**PROBLEM STATEMENT:**
Reproduce every line of the listing as written, apart from the pictures.

<<<<

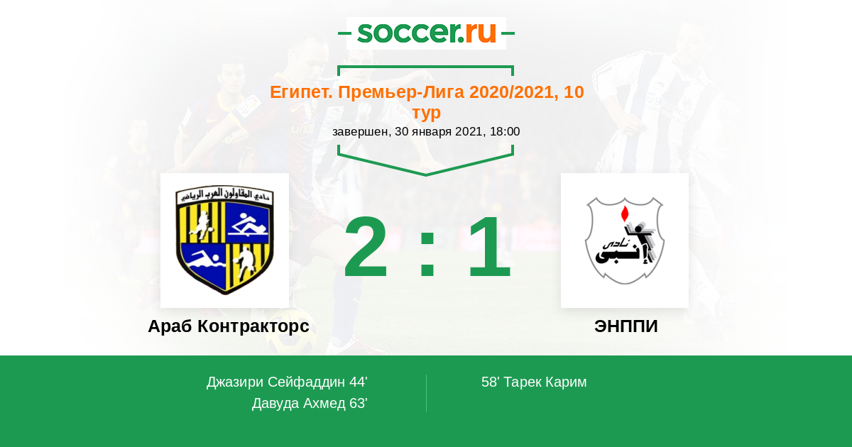 Египет. Премьер-Лига 15.10.2020 Араб Контракторс Логотип футбольный клуб Араб Контракторс (Каир) 0:2 Логотип футбольный клуб ЭНППИ (Каир) ЭНППИ
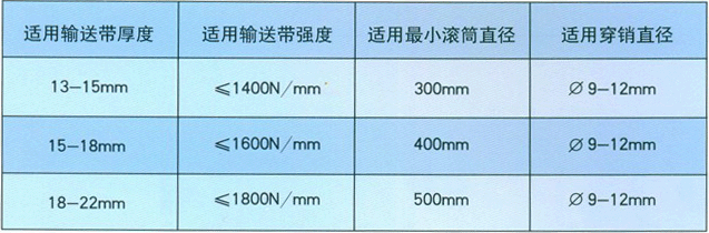 適用輸送帶寬度規(guī)格有:800mm、1000mm、1200mm、1400mm四種規(guī)格。
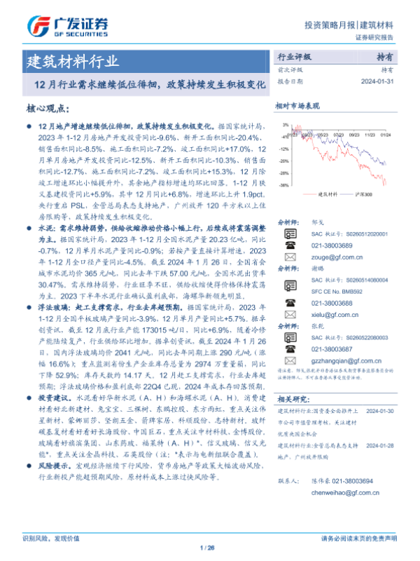 【广发证券】【20240131】建筑材料行业投资策略月报:12月行业需求继续低位徘徊,政策持续发生积极变化-26页
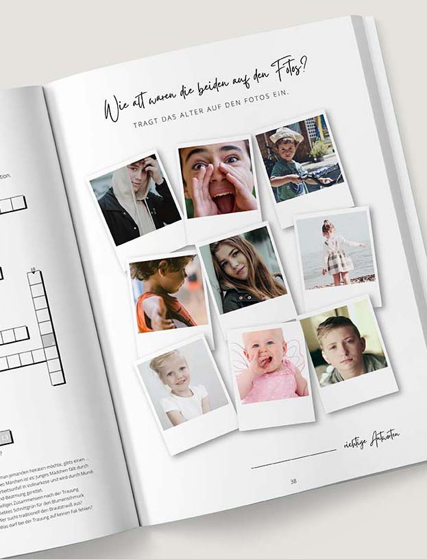 Fotos liebt jeder in der Hochzeitszeitung – warum daraus nicht zusätzlich gleich ein tolles Rätsel machen? Ob Jahreszahlen-Raten oder "Wo wurde das Foto gemacht?" - damit habt ihr zwei beliebte Inhalte in eurer Hochzeitszeitung miteinander kombiniert.
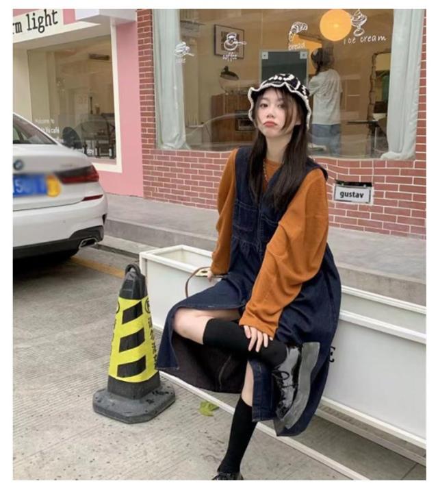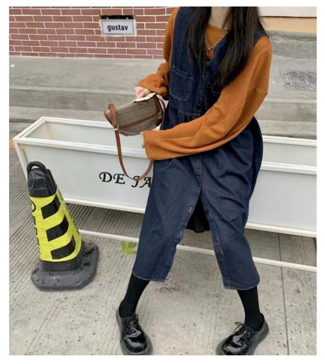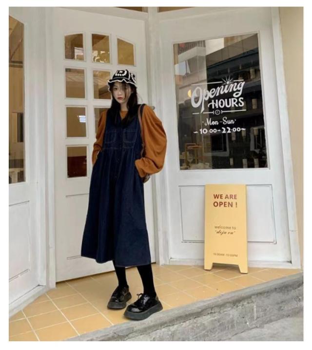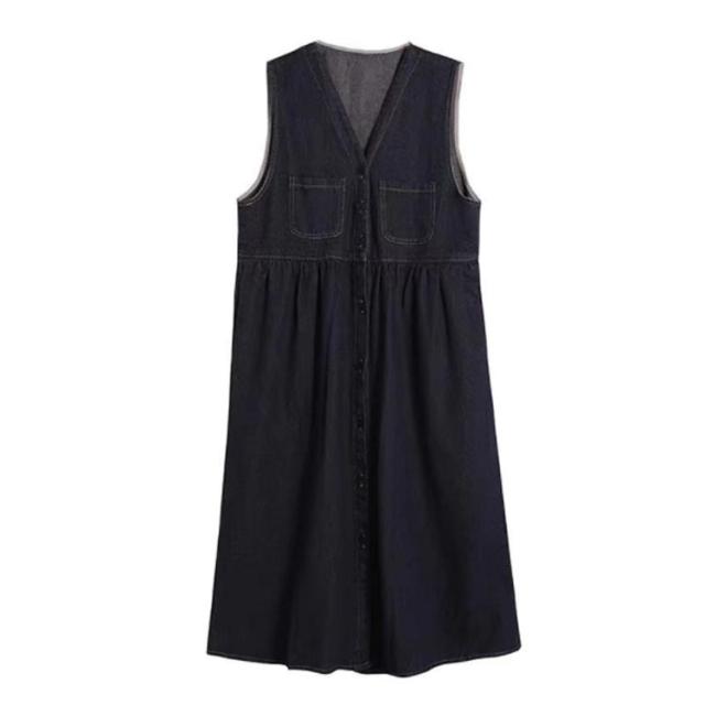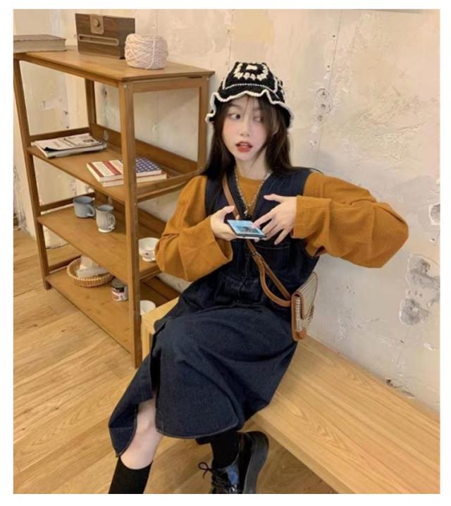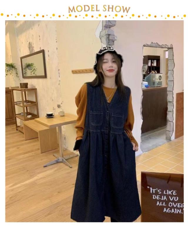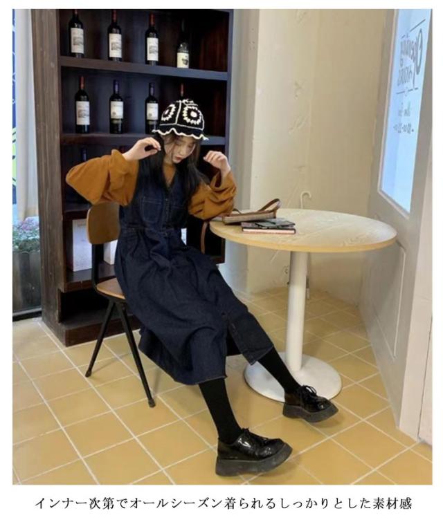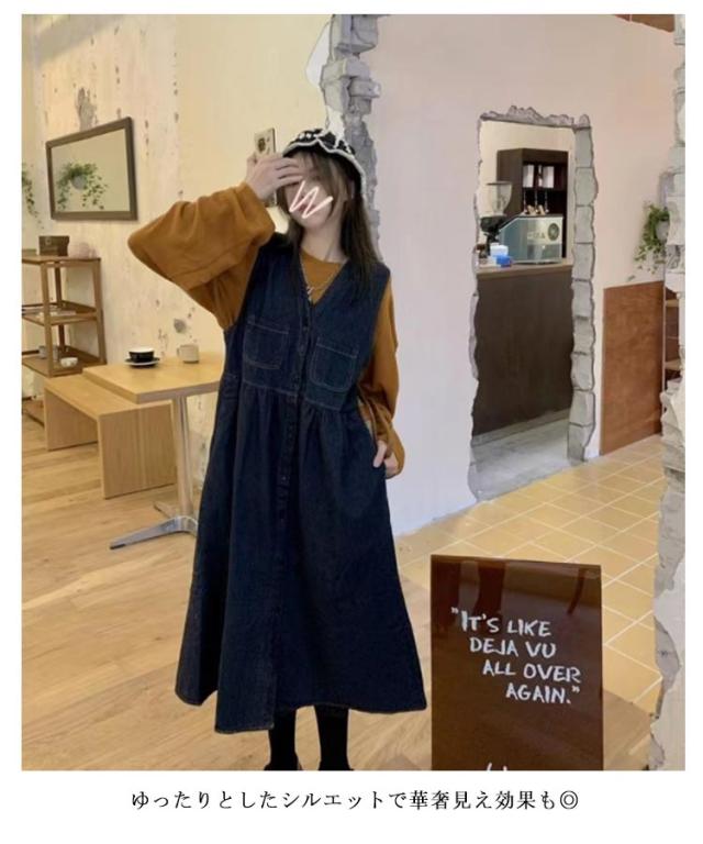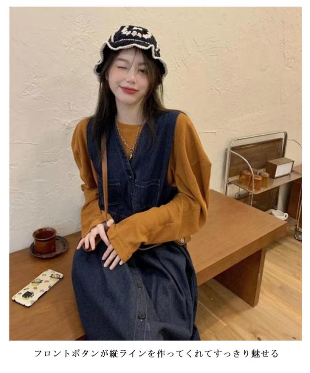 デニム ジャンパースカート ロング レディース 大人 レイヤード 秋 ゆったり 冬 デニムワンピース ジャンパースカート レトロ 春 体型カバー ジャンスカ ヴィンテージ 厚手 Vネック カジュアル ノースリーブ 重ね着 コーデ オールインワン おしゃれ 韓国風
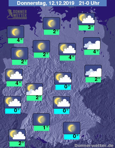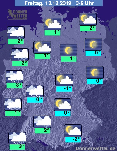 Während der zweiten Nachthälfte verdichtet sich die Wolkendecke im Westen und es setzen Niederschläge ein, die anfangs zum Teil bis in tiefere Lagen als Schnee oder Schneeregen fallen und gefährliche Straßenglätte auslösen können. In den anderen Gebieten bleibt es zunächst klar oder nur locker bewölkt.
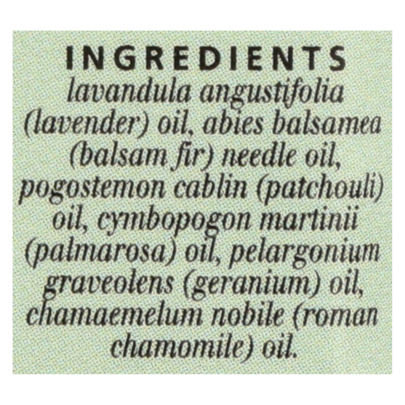 Ingredients: LAVANDULA ANGUSTIFOLIA (LAVENDER) OIL;ABIES BALSAMEA (BALSAM FIR) NEEDLE OIL;POGOSTEMON CABLIN (PATCHOULI) OIL;CYMBOPOGON MARTINII (PALMAROSA) OIL;PELARGONIUM GRAVEOLENS (GERANIUM) OIL;CHAMAEMELUM NOBILE (ROMAN CHAMOMILE) OIL
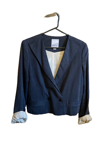 Navy washed silk crop blazer premium
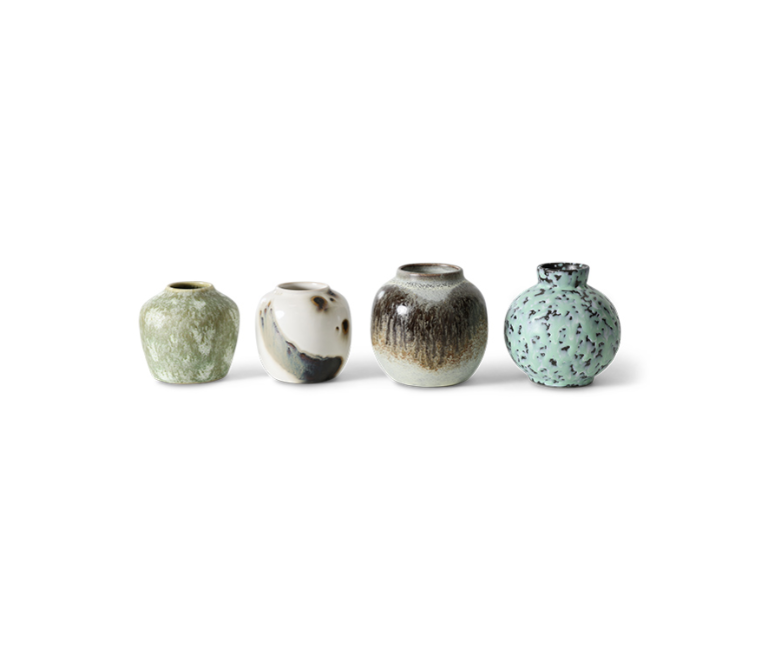Tilfør et snev av retrosjarm til hjemmet ditt med dette settet med fire keramiske vaser, en favoritt i vår ikoniske keramikkkolleksjon fra 70-tallet. Hver vase har en unik form og håndlaget glasur, noe som gjør hvert enkelt produkt virkelig unikt. Perfekt for å vise frem enkeltstående stilker eller bare som dekorative detaljer, tilbyr dette settet uendelige stylingsmuligheter samtidig som det gir farge og karakter til ethvert interiør.
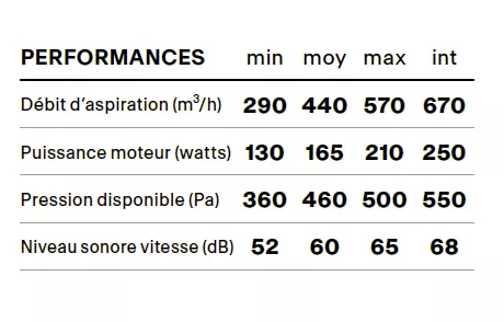 Niveau sonore mini 52 dB (A)/maxi 65 dB(A) / int 68 dB(A)
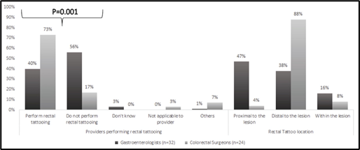 Fig 4. Comparison of Gastroenterologists and Colorectal Surgeons Regarding Endoscopic Rectal Tattooing Practices
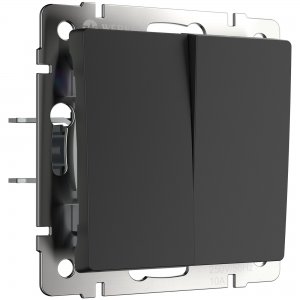 Выключатель двухклавишный проходной с подсветкой (черный матовый)
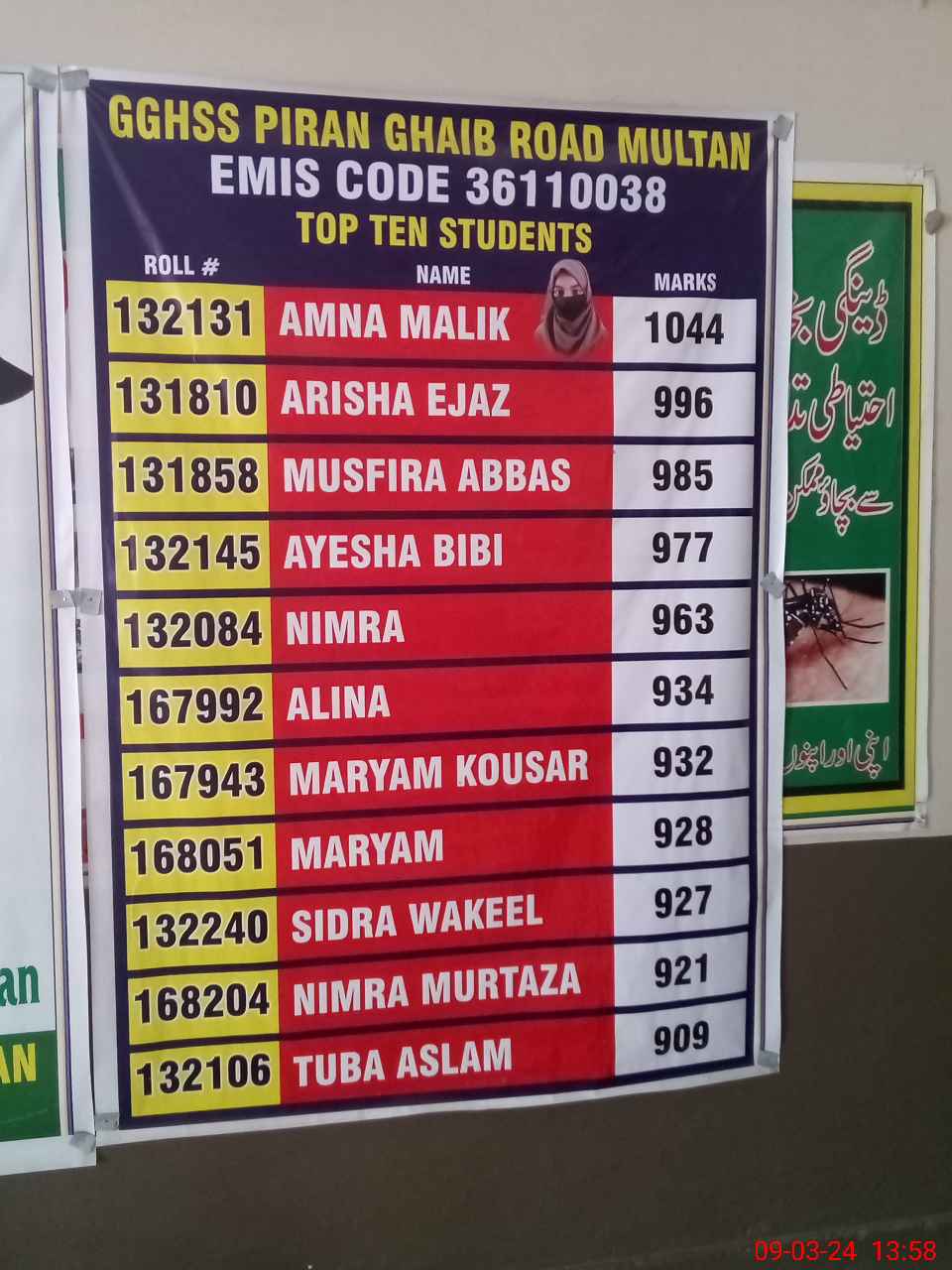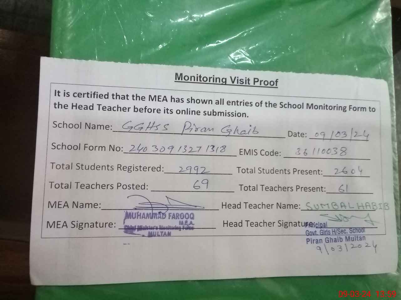 | EMIS Code: 36110038 | Name of School: GGHSS PIRAN GHAIB MULTAN | |||

>>>>

**RESPONSE TO THE EXERCISE:**
 Египет. Премьер-Лига 15.10.2020 Араб Контракторс Логотип футбольный клуб Араб Контракторс (Каир) 0:2 Логотип футбольный клуб ЭНППИ (Каир) ЭНППИ
 適用輸送帶寬度規(guī)格有:800mm、1000mm、1200mm、1400mm四種規(guī)格。
 【广发证券】【20240131】建筑材料行业投资策略月报:12月行业需求继续低位徘徊,政策持续发生积极变化-26页
 Fotos liebt jeder in der Hochzeitszeitung – warum daraus nicht zusätzlich gleich ein tolles Rätsel machen? Ob Jahreszahlen-Raten oder "Wo wurde das Foto gemacht?" - damit habt ihr zwei beliebte Inhalte in eurer Hochzeitszeitung miteinander kombiniert.
 デニム ジャンパースカート ロング レディース 大人 レイヤード 秋 ゆったり 冬 デニムワンピース ジャンパースカート レトロ 春 体型カバー ジャンスカ ヴィンテージ 厚手 Vネック カジュアル ノースリーブ 重ね着 コーデ オールインワン おしゃれ 韓国風
 Während der zweiten Nachthälfte verdichtet sich die Wolkendecke im Westen und es setzen Niederschläge ein, die anfangs zum Teil bis in tiefere Lagen als Schnee oder Schneeregen fallen und gefährliche Straßenglätte auslösen können. In den anderen Gebieten bleibt es zunächst klar oder nur locker bewölkt.
 Ingredients: LAVANDULA ANGUSTIFOLIA (LAVENDER) OIL;ABIES BALSAMEA (BALSAM FIR) NEEDLE OIL;POGOSTEMON CABLIN (PATCHOULI) OIL;CYMBOPOGON MARTINII (PALMAROSA) OIL;PELARGONIUM GRAVEOLENS (GERANIUM) OIL;CHAMAEMELUM NOBILE (ROMAN CHAMOMILE) OIL
 Navy washed silk crop blazer premium
Tilfør et snev av retrosjarm til hjemmet ditt med dette settet med fire keramiske vaser, en favoritt i vår ikoniske keramikkkolleksjon fra 70-tallet. Hver vase har en unik form og håndlaget glasur, noe som gjør hvert enkelt produkt virkelig unikt. Perfekt for å vise frem enkeltstående stilker eller bare som dekorative detaljer, tilbyr dette settet uendelige stylingsmuligheter samtidig som det gir farge og karakter til ethvert interiør.
 Niveau sonore mini 52 dB (A)/maxi 65 dB(A) / int 68 dB(A)
 Fig 4. Comparison of Gastroenterologists and Colorectal Surgeons Regarding Endoscopic Rectal Tattooing Practices
 Выключатель двухклавишный проходной с подсветкой (черный матовый)
 | EMIS Code: 36110038 | Name of School: GGHSS PIRAN GHAIB MULTAN | |||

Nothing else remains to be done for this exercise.